*** Opening of Extracted entries ***

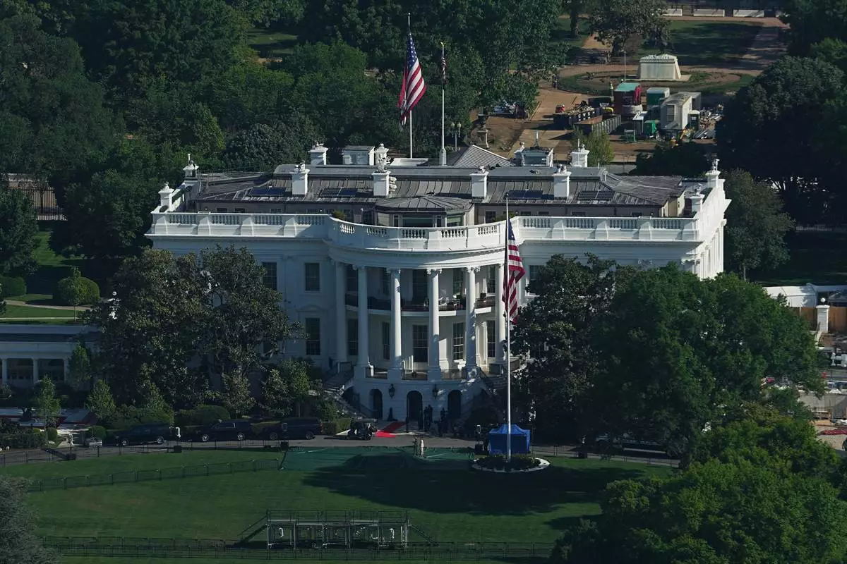 The White House is seen from the Washington Monument, Monday, April 27, 2026, in Washington. King Charles III and Queen Camilla arrive in the U.S. today for a four-day state visit aimed at celebrating the United States' 250th anniversary, including a White House state dinner and a speech to Congress. (AP Photo/Matt Rourke)
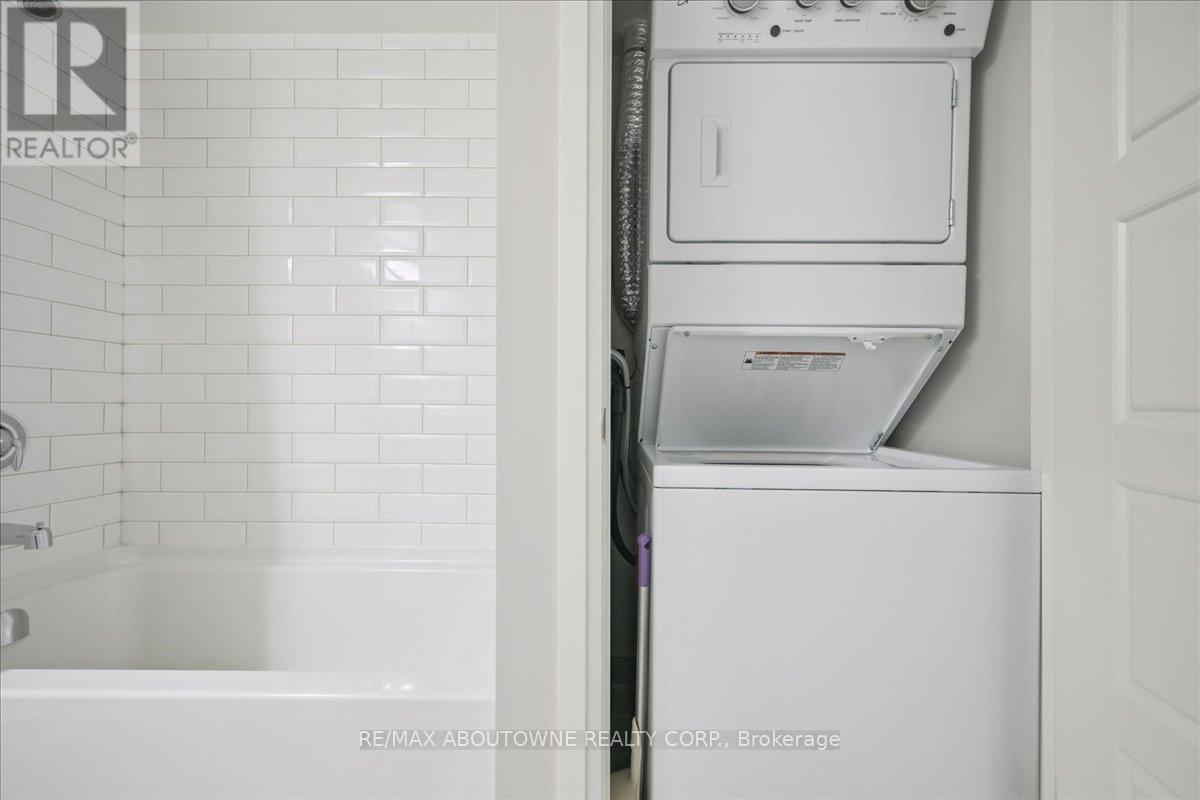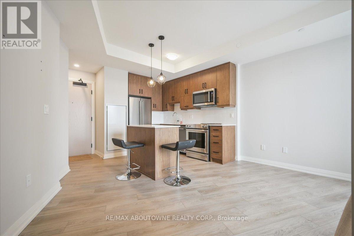 Experience modern living in this brand new luxury 1-bedroom plus den condominium located in the sought-after Upper Joshua Creek neighbourhood of Oakville. The south-facing unit boasts a spacious balcony, providing ample sunlight and an inviting outdoor space. Its excellent open-concept layout is complemented by 9-foot smooth ceilings and stylish laminate flooring throughout. Bedroom: Generously sized with a large closet for ample storage and 4pc ensuite; Kitchen: Equipped with granite countertops, a decorative backsplash, a centre island, and plenty of storage for your culinary needs; Den: Ideal for a home office or study area. Main Bathroom: Contemporary four-piece bath; Laundry: Convenient in-suite laundry with stacked washer and dryer. Located in the heart of Oakville, this residence offers unparalleled convenience. It is close to restaurants, shops, public transit, and major highways such as Highway 403. The property is ideally situated near the Mississauga border and GO Transit, ensuring easy commuting. Upscale shopping and fine dining are just moments away, making this an exceptional place to call home. Additional features: Internet included. One parking space (P2 36) and one locker (P2 279) provided. Cleaning Service Available - Ask LA for details. (id:4555)
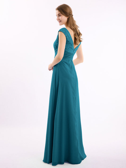 Babaroni ClaudiaVestido de chiffon y encaje con mangas cap y escote en V Azul Polvoriento Tallas Grandes
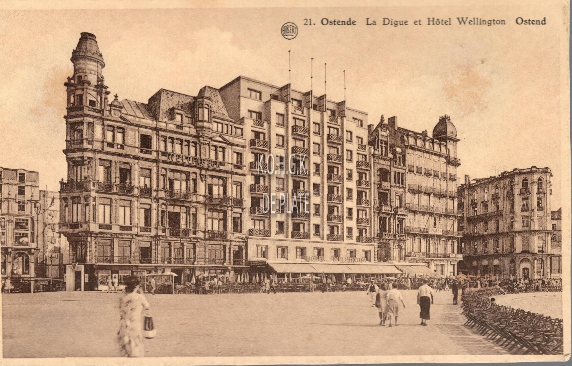 Albert, N° 21. - Ostende - La Digue et Hôtel Wellington. Ostend. Het Hotel Wellington gezien vanaf "Petit Nice" langs de Albert I-promenade. Zicht van na de Tweede Wereldoorlog, want de oorlogsschade is nog zichtbaar.
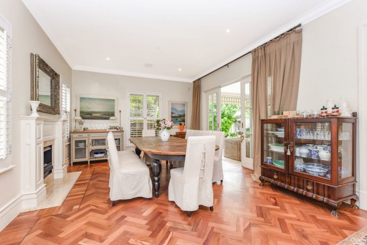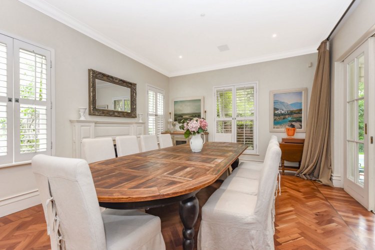 To the left of the entrance hall, the formal lounge leads through to the elegant formal dining room, both anchored by a striking gas fireplace that provides ambience and comfort during cooler winter evenings. All four reception areas open seamlessly onto the covered patio via glass sliding doors, enhanced by drop-down blinds for year-round enjoyment. The patio overlooks the landscaped garden and sparkling swimming pool, offering a private oasis for outdoor entertaining.
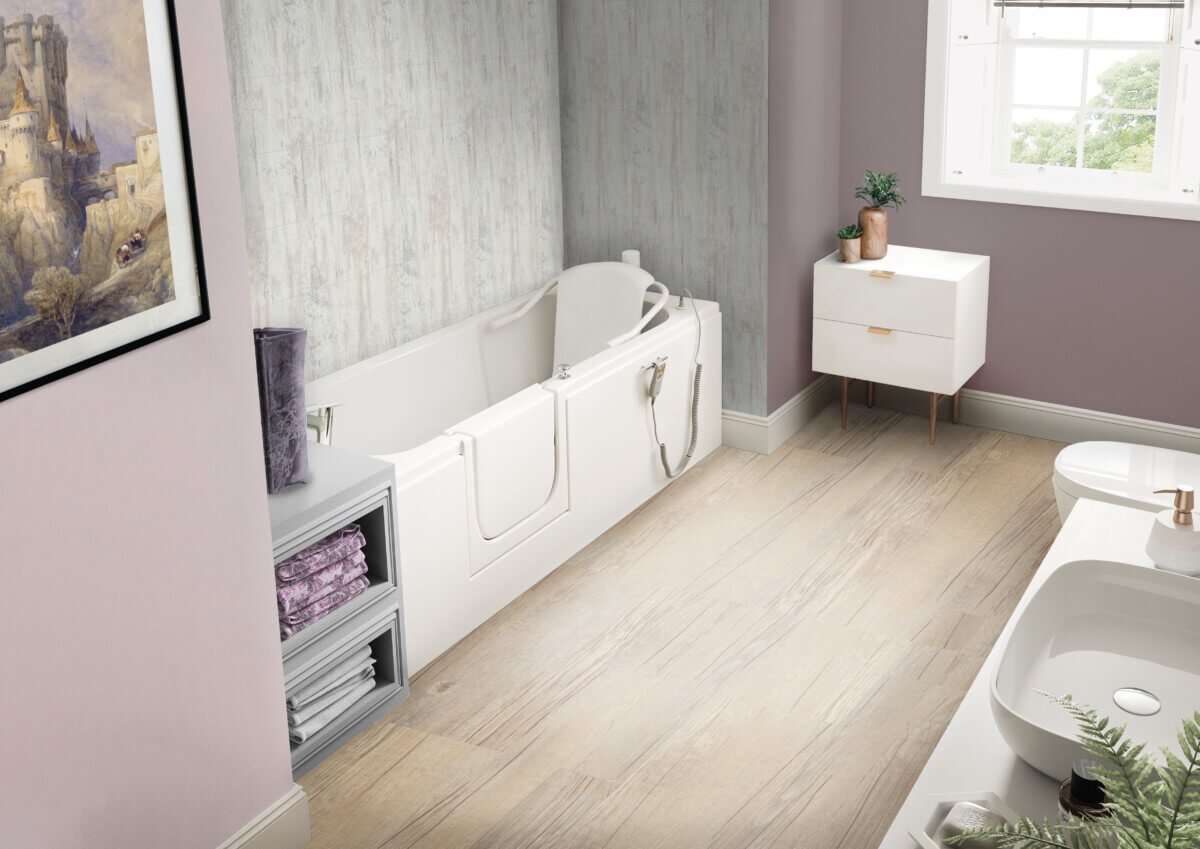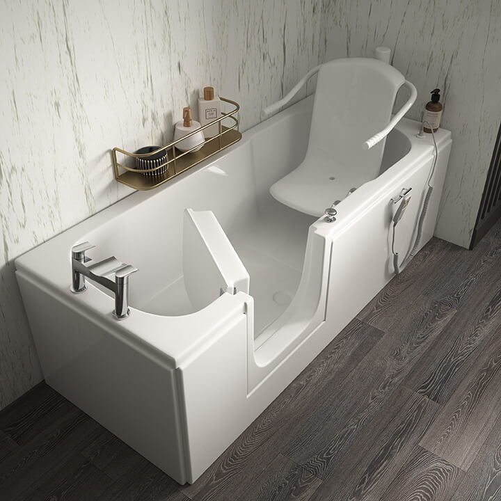 The Serenity combines the relaxing nature of a traditional full-size bath with the easy-access features of a walk-in bath. For peace of mind, the Serenity also has a slip-resistant powered seat to lower you into and out of the water at the push of a button. It is especially suited to those who have limited upper body strength or who are fearful when getting in or out of a normal bath.
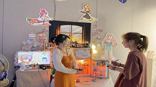 在主题展览即设计艺术学院2022级毕业设计展上,勤工助学部工作人员特别采访了曾受到过学校资助的数媒1801班刘家悦同学及环艺1802班成海睿同学。数媒1801班刘家悦同学在采访中表示:“感谢学校的资助政策,让我可以专心学习专业,缓解我的负担。”环艺1802班成海睿在采访中表示:真的很感谢学校的资助育人,让我感受到了院校的关怀关心,才使我可以更加自信面对生活、学习、及工作,助我更好的成长成才。
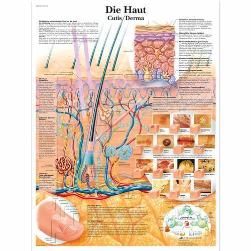 The skin anatomy chart is printed on premium glossy (200g) paper. Convenient Poster size 50 x 67 cm (20 x 26"). Language: German
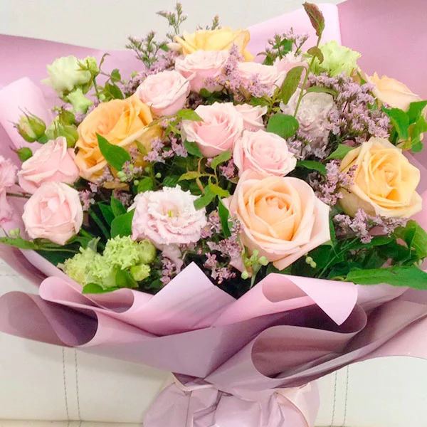 роза кремовая/персиковая – 5 шт., эустома розовая – 5 шт., роза сиреневая кустовая (возможна замена на розовую)– 5 шт., упаковка, лента.
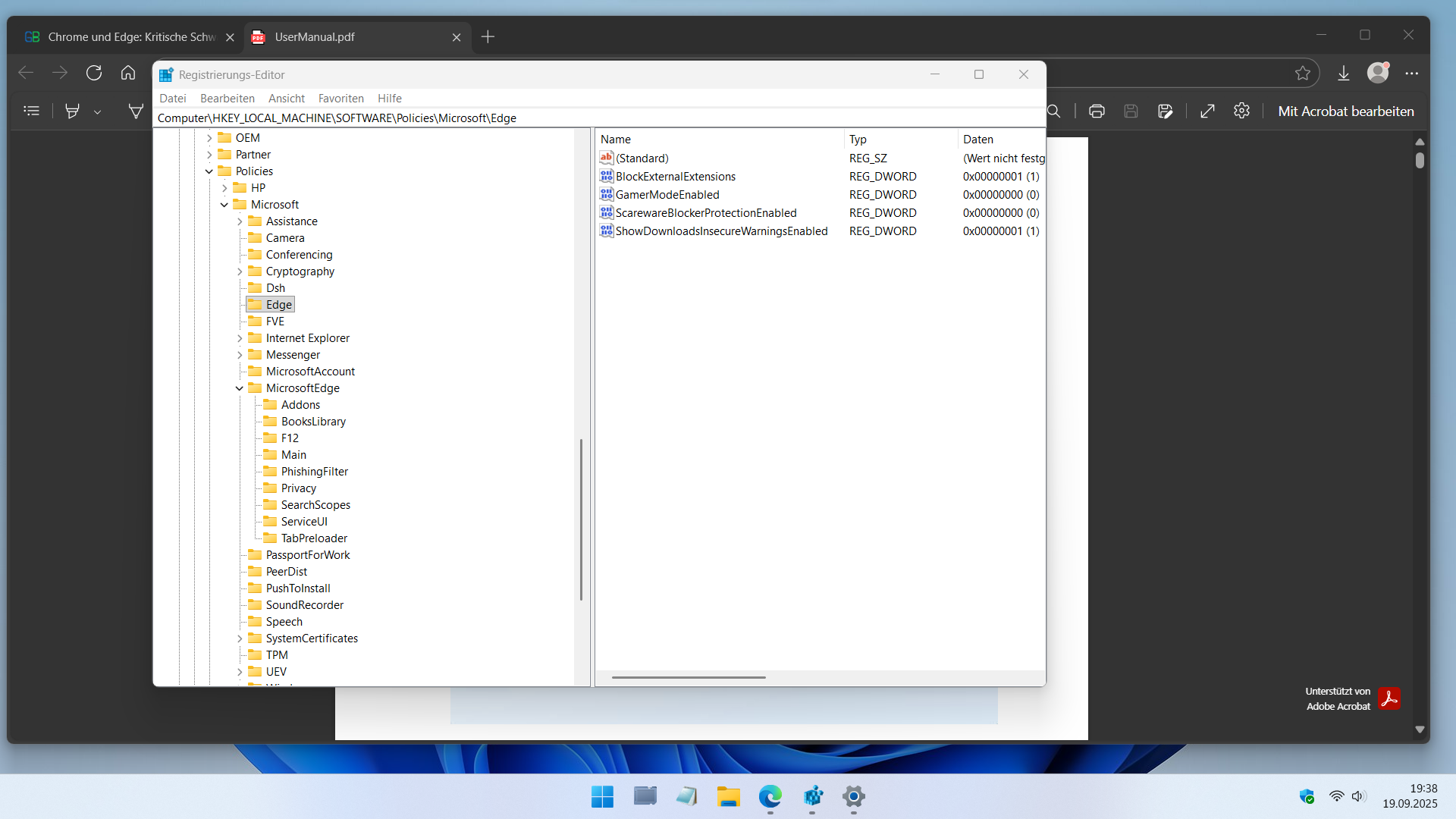 Wenn man PDF nicht im Edge öffnen will, dann sollte man das mit GPO einstellen:

*** Close of Extracted entries ***

__Prompt__. Your task is to retype all the entries exactly and leave out any pictures.

__Answer area__.
 The White House is seen from the Washington Monument, Monday, April 27, 2026, in Washington. King Charles III and Queen Camilla arrive in the U.S. today for a four-day state visit aimed at celebrating the United States' 250th anniversary, including a White House state dinner and a speech to Congress. (AP Photo/Matt Rourke)
 Experience modern living in this brand new luxury 1-bedroom plus den condominium located in the sought-after Upper Joshua Creek neighbourhood of Oakville. The south-facing unit boasts a spacious balcony, providing ample sunlight and an inviting outdoor space. Its excellent open-concept layout is complemented by 9-foot smooth ceilings and stylish laminate flooring throughout. Bedroom: Generously sized with a large closet for ample storage and 4pc ensuite; Kitchen: Equipped with granite countertops, a decorative backsplash, a centre island, and plenty of storage for your culinary needs; Den: Ideal for a home office or study area. Main Bathroom: Contemporary four-piece bath; Laundry: Convenient in-suite laundry with stacked washer and dryer. Located in the heart of Oakville, this residence offers unparalleled convenience. It is close to restaurants, shops, public transit, and major highways such as Highway 403. The property is ideally situated near the Mississauga border and GO Transit, ensuring easy commuting. Upscale shopping and fine dining are just moments away, making this an exceptional place to call home. Additional features: Internet included. One parking space (P2 36) and one locker (P2 279) provided. Cleaning Service Available - Ask LA for details. (id:4555)
 Babaroni ClaudiaVestido de chiffon y encaje con mangas cap y escote en V Azul Polvoriento Tallas Grandes
 Albert, N° 21. - Ostende - La Digue et Hôtel Wellington. Ostend. Het Hotel Wellington gezien vanaf "Petit Nice" langs de Albert I-promenade. Zicht van na de Tweede Wereldoorlog, want de oorlogsschade is nog zichtbaar.
 To the left of the entrance hall, the formal lounge leads through to the elegant formal dining room, both anchored by a striking gas fireplace that provides ambience and comfort during cooler winter evenings. All four reception areas open seamlessly onto the covered patio via glass sliding doors, enhanced by drop-down blinds for year-round enjoyment. The patio overlooks the landscaped garden and sparkling swimming pool, offering a private oasis for outdoor entertaining.
 The Serenity combines the relaxing nature of a traditional full-size bath with the easy-access features of a walk-in bath. For peace of mind, the Serenity also has a slip-resistant powered seat to lower you into and out of the water at the push of a button. It is especially suited to those who have limited upper body strength or who are fearful when getting in or out of a normal bath.
 在主题展览即设计艺术学院2022级毕业设计展上,勤工助学部工作人员特别采访了曾受到过学校资助的数媒1801班刘家悦同学及环艺1802班成海睿同学。数媒1801班刘家悦同学在采访中表示:“感谢学校的资助政策,让我可以专心学习专业,缓解我的负担。”环艺1802班成海睿在采访中表示:真的很感谢学校的资助育人,让我感受到了院校的关怀关心,才使我可以更加自信面对生活、学习、及工作,助我更好的成长成才。
 The skin anatomy chart is printed on premium glossy (200g) paper. Convenient Poster size 50 x 67 cm (20 x 26"). Language: German
 роза кремовая/персиковая – 5 шт., эустома розовая – 5 шт., роза сиреневая кустовая (возможна замена на розовую)– 5 шт., упаковка, лента.
 Wenn man PDF nicht im Edge öffnen will, dann sollte man das mit GPO einstellen:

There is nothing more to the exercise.